Reporting any Illegal or Unethical Behavior
Directors,
officers and employees are required to talk to supervisors, managers or other
appropriate personnel about observed illegal or unethical behavior and when in
doubt about the best course of action in a particular situation. Failure to
report such existing or potentially wrongful behavior is itself a violation of
this Code. It is the policy of the Company not to allow retaliation for reports
of misconduct by others made in good faith by employees. Directors, officers and
employees are expected to cooperate in internal investigations of
misconduct.
The Board
shall take all appropriate action to investigate any reported violations of this
Code.

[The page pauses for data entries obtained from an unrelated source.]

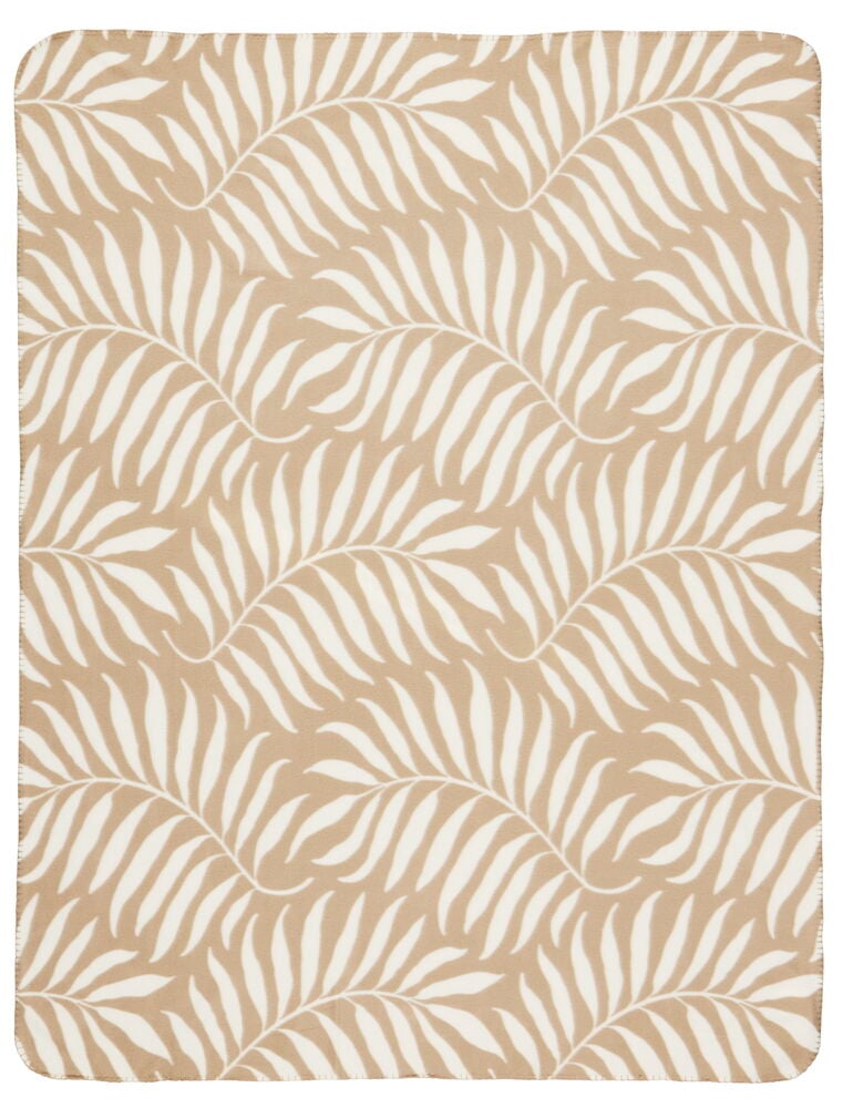 Eine leichte beige Decke mit einem Blattmuster in Naturfarbe.
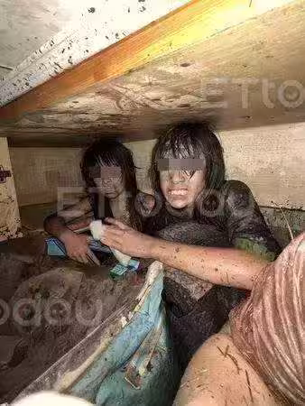 ▲▼水淹進家裡時根本逃不掉,家中孩子瑟縮躲在衣櫃里。(圖/記者劉邠如翻攝)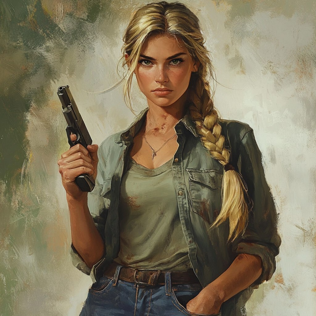 Создано на основе запроса: A young woman in her twenties, long blond hair tied in a braid (with a long white streak) Soft round face (not fat, not thin) Intense green eyes Serious face to be determined Dressed in a dirty t-shirt, shirt and worn jeans. She's holding a pistol Fighting stance --- Автоперевод: Молодая женщина в возрасте двадцатых годов, длинные светлые волосы, привязанные к оплетке (с длинной белой полосой) мягким круглым лицом (не толстым, не тонким) интенсивным зеленым глазами, серьезное лицо, которое будет решительно одет в грязную футболку, рубашку и изношенные джинсы. Как тебе генерация? 🤔 https://dzen.ru/id/65c0c65c86e4f837c27b24d7 #ИИ #AI #нейросеть #midjourney #art
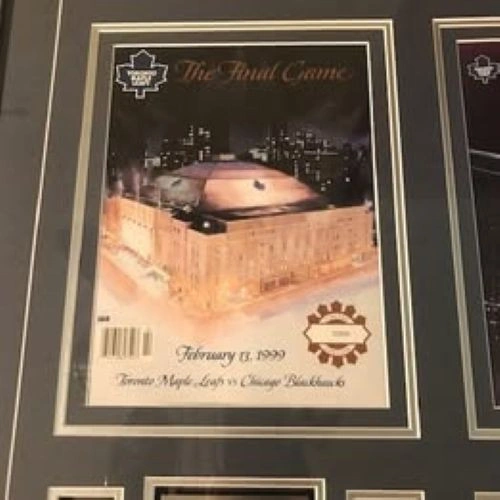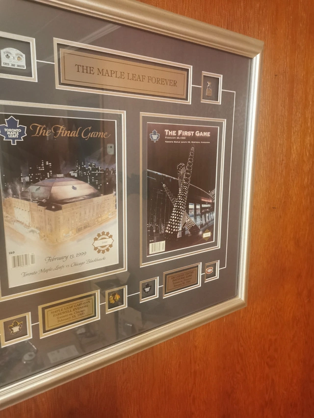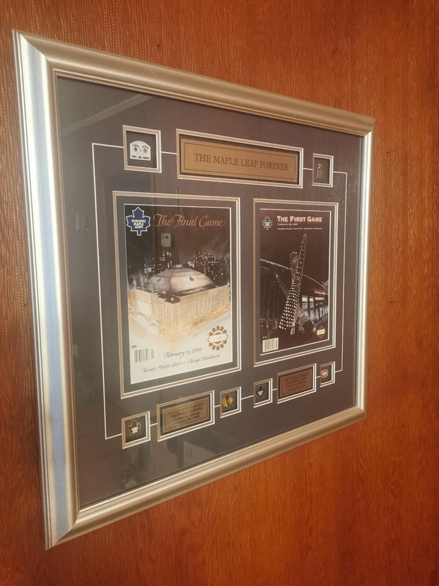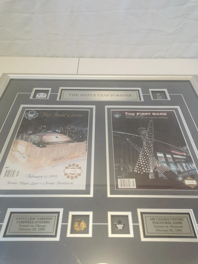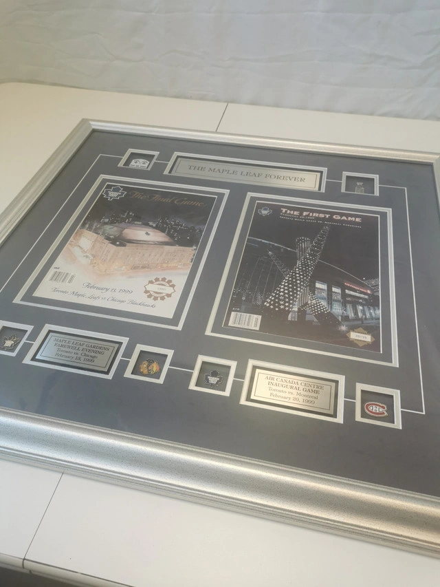 60Set of two framed official programs from the last game at Maple Leaf Gardens and the first game at Air Canada Centre in Toronto, Ontario Canada. These programs are from the National Hockey League (NHL) and feature the Toronto Maple Leafs, Chicago Black Hawks, and Montreal Canadian's teams. Perfect for collectors or fans looking to commemorate special moments in hockey history and to possess a piece of it. Condition: Light wear good vintage condition Dimensions: 28 inches length by 26 inches width by 1.5 inches approx.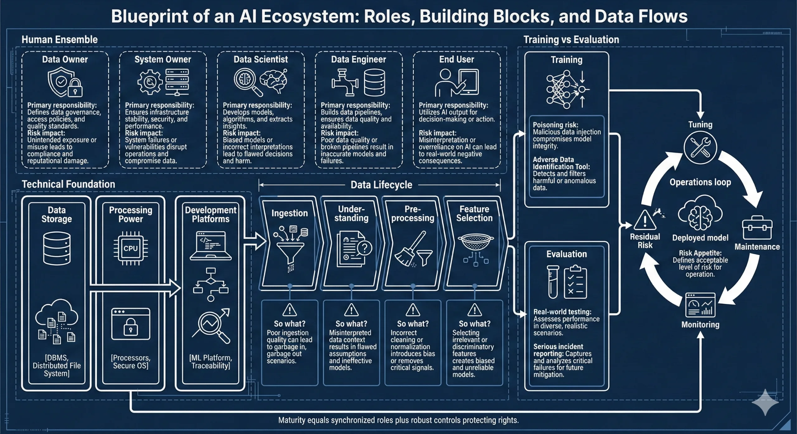 Learner’s Objective Understanding these roles and infrastructural blocks is the essential first step in responsible AI management. By mastering the relationship between the human ensemble and the technical stage, you can ensure that AI systems are not only high-performing but also legally compliant and ethically sound.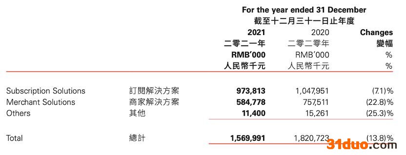 虽有节流,但开源却很难。中国有赞日前公布的2021年报显示,公司全年实现营业收入15.7亿元人民币,同比下降13.8%;净利润亏损32.93亿元,同比扩大503.5%。分业务看,订阅解决方案实现营业收入9.74亿元,同比下降7.1%;商家解决方案实现营业收入5.85亿元,同比下降22.8%;其他业务收入约为1140万元,同比下降25.3%。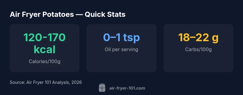 Potatoes bring a familiar nutritional foundation: mostly carbohydrates with some fiber, small amounts of protein, and negligible fat when cooked with little or no oil. The air fryer changes how much oil the potato absorbs during cooking, which in turn shifts the total calories and fat, while preserving the starchy structure and flavor. When we talk about air fryer potatoes nutrition facts, we’re looking at two components: the intrinsic nutrition of the potato itself and the impact of the cooking method on oil absorption and texture. According to Air Fryer 101, air frying can reduce added oil compared with traditional deep-frying, enabling a crisper exterior with a leaner fat profile. This means you can enjoy a tasty, crispy side with fewer calories from fat, provided you control portion sizes and oil use. In practice, think of air fryer potatoes nutrition facts as a call to choose potato varieties rich in fiber, monitor oil quantity, and portion appropriately to balance energy intake with satiety.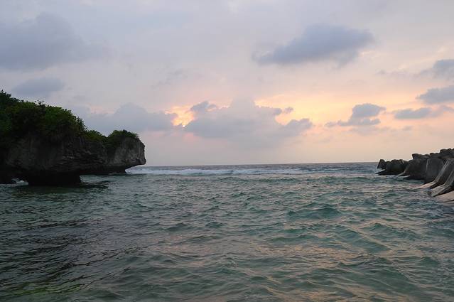 已近黄昏,潮水渐涨。海水的长期侵蚀,把岸边的珊瑚礁塑造成可爱的蘑菇形或美丽的女王头。海水一波波拍着海岸,瞬间就可以给你来个“从头到脚透心凉”,也引来在海边兴奋地捡贝壳的我们一声声惊呼。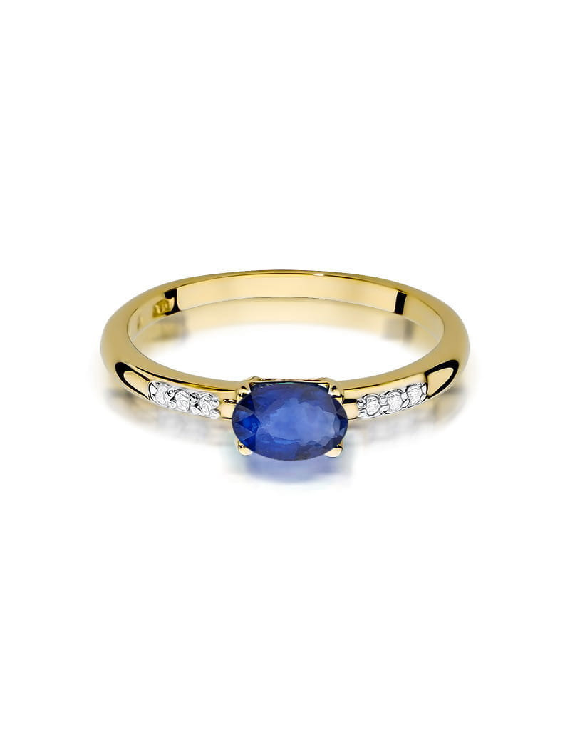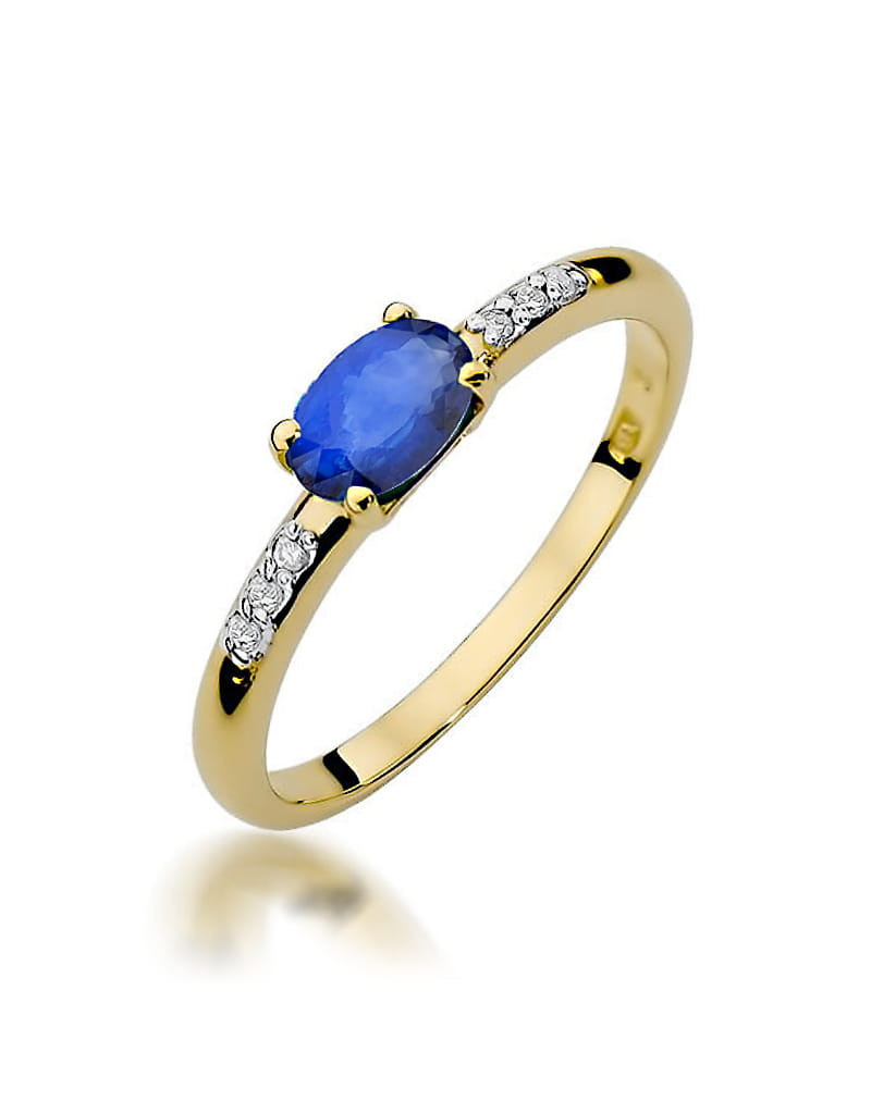 Bajeczny pierścionek wykonany z żółtego złota z przepięknym szafirem oraz lśniącymi brylantami w eleganckiej oprawie.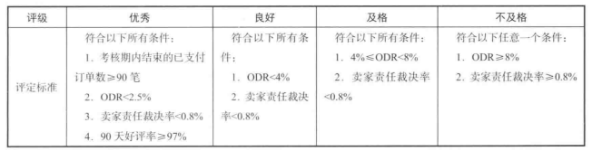 賣家服務等級在每月末評定一次,下個月3日之前在后臺更新,考核在過去90天內賣家的經營能力,包括買家不良體驗訂單率、賣家責任裁決率、好評率等。重點考核體現賣家交易及服務能力的一項新指標——買家不良體驗訂單率( Order Defect Rate,ODR ),即買家不良體驗訂單占所有考核訂單的比例。根據考核結果將賣家劃分為優秀、良好、及格和不及格4種等級,不同等級的賣家將獲得不同的平臺資源。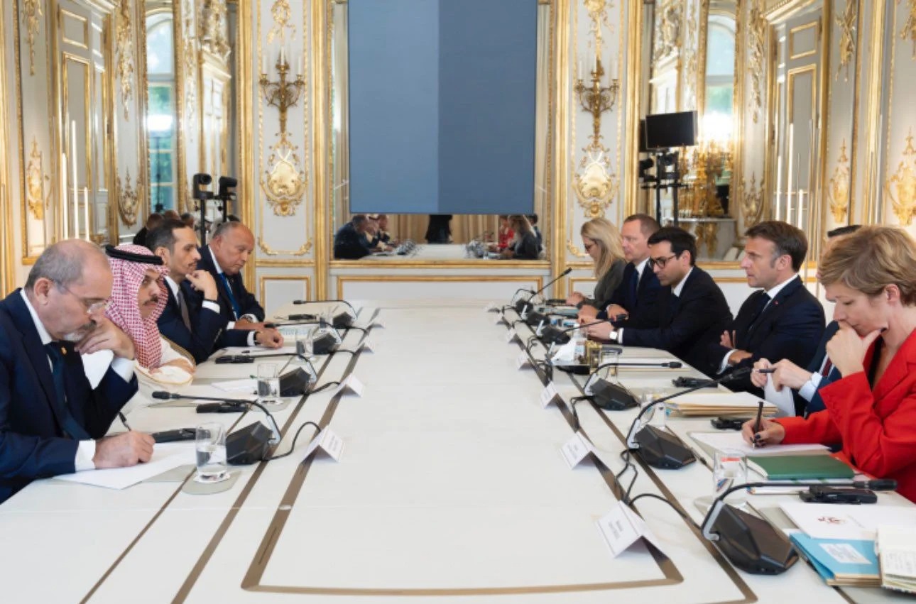 التقى وزير الخارجية سامح شكرى ووزراء خارجية قطر والأردن والسعودية مع الرئيس الفرنسي إيمانويل ماكرون، لبحث التحركات الكفيلة بوقف الحرب الإسرائيلية ضد غزة، ونفاذ المساعدات بشكل كامل ودون عوائق، وسبل الدفع بالمسار السياسى ودعم تنفيذ حل الدولتين، بحسب ما أكده المتحدث الرسمي باسم وزارة الخارجية السفير أحمد أبو زيد عبر منصة "إكس".
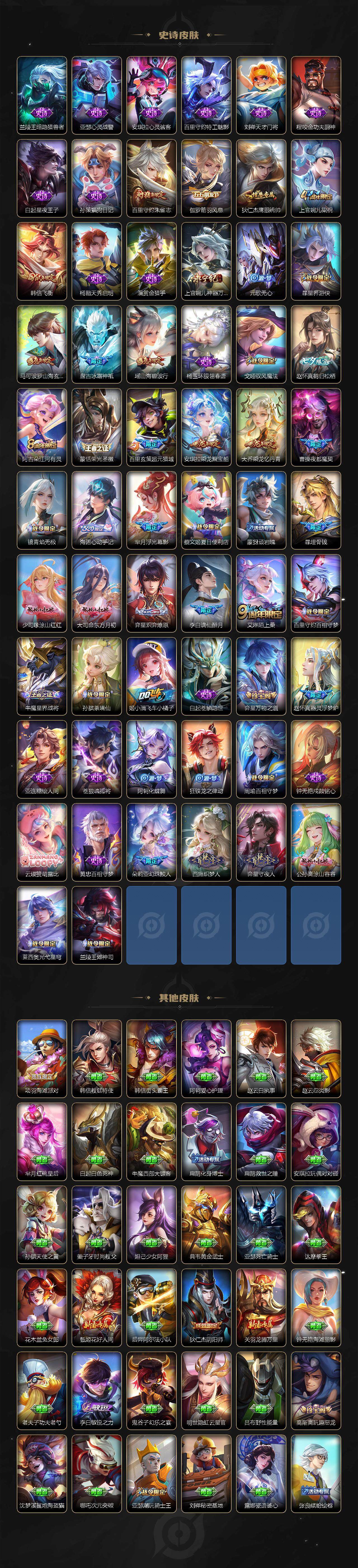 - [12287307]V8 1典藏 2珍品传说 23传说 125英雄 302皮肤 可修改实名 优质装备:弑枪猎影(韩信典藏),酷洛米之心,大耳狗之梦,黄金狮子座,云鹰飞将(小将军),炽阳神光,一念神魔,仲夏夜之梦(大飞蛾),地狱之眼,乞巧织情,时之恋人-刘备(电焊工),超时空战士-狄仁杰,无双飞将,山海·炽霜斩(李信年限),妄想实况,鹤归松栖(云缨),遇见神鼓,鲁班七号-时之奇旅,小动物乐团 传说皮:乘龙·问璇玑(孙尚香年限),落雪白狼,云诺千山,祥瑞亨通 珍宝阁皮:妄想食味,胡桃夹子 限定皮:逐霄战戟,陌上桑,鸣野蒿,至尊宝,山海·碧波行(瑶年限),武圣,梁祝,李小龙,冰霜恋舞曲,匿光启智者 史诗皮:鸭鸭历险记-刘禅,龙之律动,星界战将,石田雨龙,百相守梦-周瑜,百相守梦-黄忠,埋骨钱,谪仙醉月,星界特工,炽弈燎原,撼地雄心,破空之剑,怒海争锋,蔬乡物语(鲁班七号),百相守梦-百里守约,紫霞仙子,黄金分割率,特工魅影,千年之狐,永昼,冰冠公主,浮梦罗烟,鹤归松栖(赵怀真),江河有灵,百解令(蒙犽),高渐离燃音魔法,魅语,无限星赏官,晚萤,偶像歌手,银翎春语,龙骑士(小龙虾),暗夜猫娘,末日机甲-吕布,猫狗日记-孙策,猫狗日记-大乔,乱世虎臣,节奏热浪,修罗,女仆咖啡,摇滚巨星,水果甜心,绅士熊喵,天才门将,星夜王子,心灵骇客,功夫厨神,德古拉伯爵,暗隐猎兽者,幽灵船长,鬼剑武藏,暗渊魔法,心灵战警,乐园奇幻夜,天秀·启明,舞动绿茵,地狱岩魂,诗语江南,拒霜思,缤纷独角兽,乘风破浪,逐浪之夏,水晶猎龙者,曙光守护者,热力回旋,箭羽风息,金属风暴,原初追逐者,圣诞狂欢,圣诞恋歌,鹰眼统帅,暗夜贵公子,魅力维加斯,黎明之约,赏金猎手,未来纪元-赵云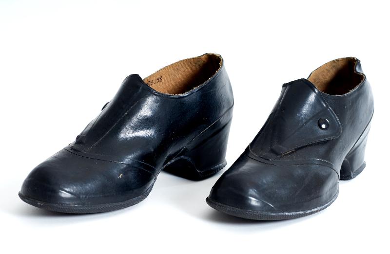 Svart gummi. Plats för klack, knäpps på sidan med tryckknapp. Storlek 6.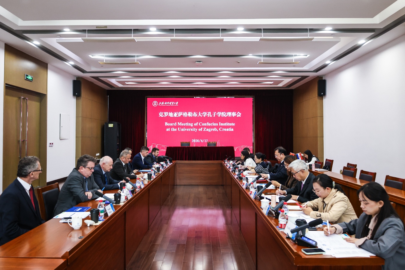汪荣明代表学校欢迎访华团一行到访,并介绍了学校最新发展情况。他指出,学校与萨格勒布大学共建的萨大孔院经过十余年的发展,已成为两国教育文化合作的典范,为增进人民相互了解与友谊作出了积极贡献。双方互访频繁、师生交流活跃,希望萨大孔院在深耕中文教育主业的同时,进一步突出商务、旅游、创意产业等办学特色,切实发挥中克教育人文交流的桥梁作用,努力建设成为中东欧地区的示范孔子学院。他还表示,非常高兴与奥西耶克大学签署谅解备忘录,期待两校以此为起点,开展广泛而深入的合作。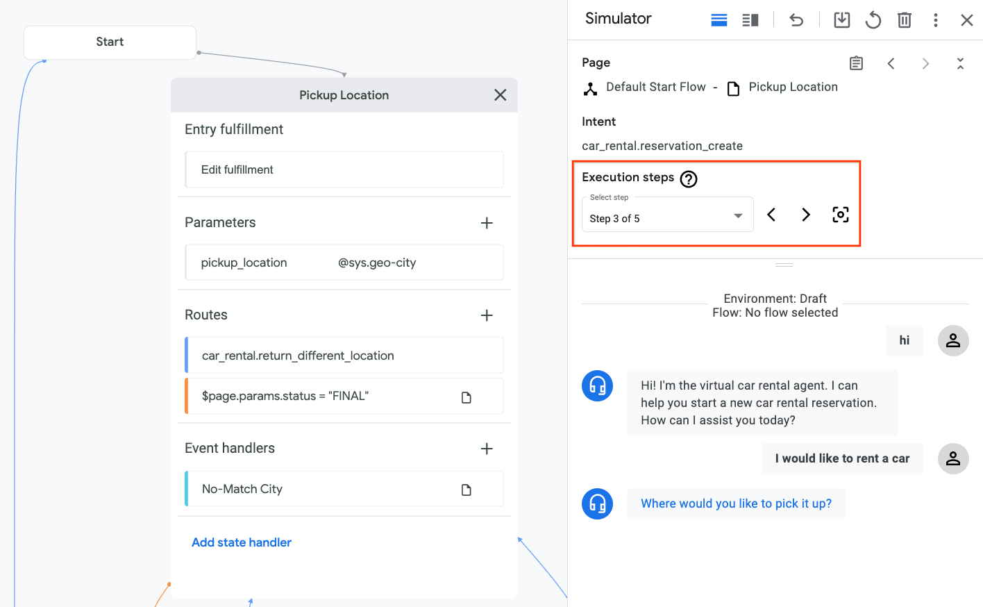 El visor de pasos de ejecución del simulador te permite cambiar entre los pasos de un turno de conversación específico y centra los elementos relacionados del creador de agentes en cada paso. En el siguiente ejemplo, la entrada del usuario final "Me gustaría alquilar un coche" activa cinco pasos de ejecución y transición: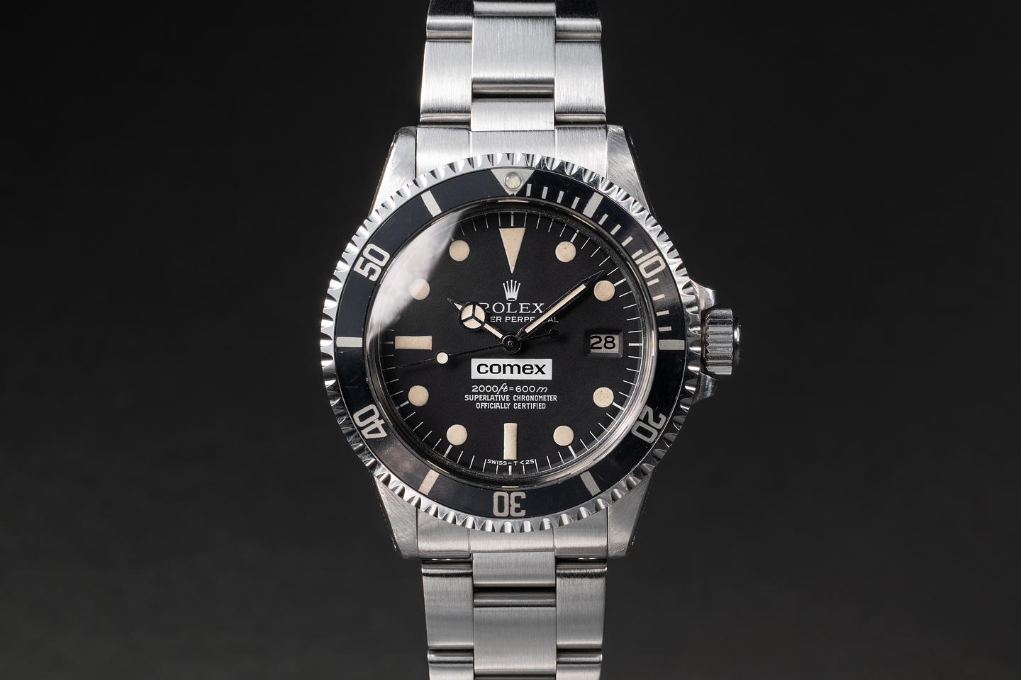 Dial: The black Comex "Pisani" dial is excellent, showing only very light wear for its age. The lume has aged to a warm, creamy hue, and the hands have been relumed and color-matched to the dial.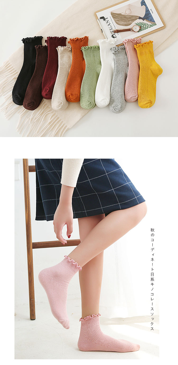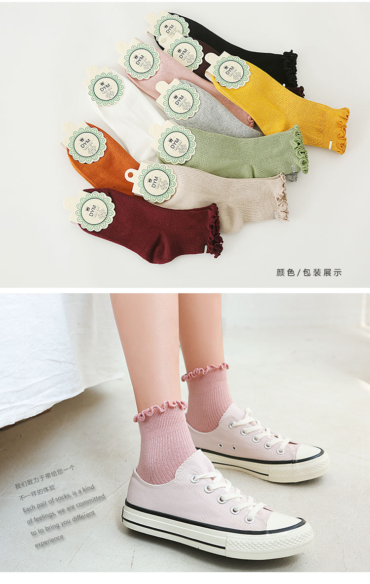 봄과 가을 새로운 여성 양말 일본 곰팡이 레이스 짧은 튜브 면 양말 10 색 면 여성 부츠 보트 양말 도매

If a violation has occurred, the Company will take such appropriate
disciplinary or preventive action, after consultation by the Board, in the case
of director or officer, or the Audit Committee, or another committee of the
Board, in the case of any other employee.
16.
Submission of Complaints
Complaints
about violations of the law or of the Code can be submitted in any form to the
direct manager of the reporting person, or to the local general counsel or to
the head of human resources in the relevant unit.
Should
none of the above individuals be the appropriate person to handle the complaint,
the reporting person can address the complaint directly to the Executive Vice
President of Human Resources, Atzmon Lifshitz, at +972-3-766-6803 (phone)
+972-3-767-5188 (fax) or atzmon.lifshitz@ness.com
or to the Chief Legal Officer and Secretary, Ilan Rotem, at +972-3-766-6842
(phone), +972-3-769-3603 (fax) or ilan.rotem@ness.com.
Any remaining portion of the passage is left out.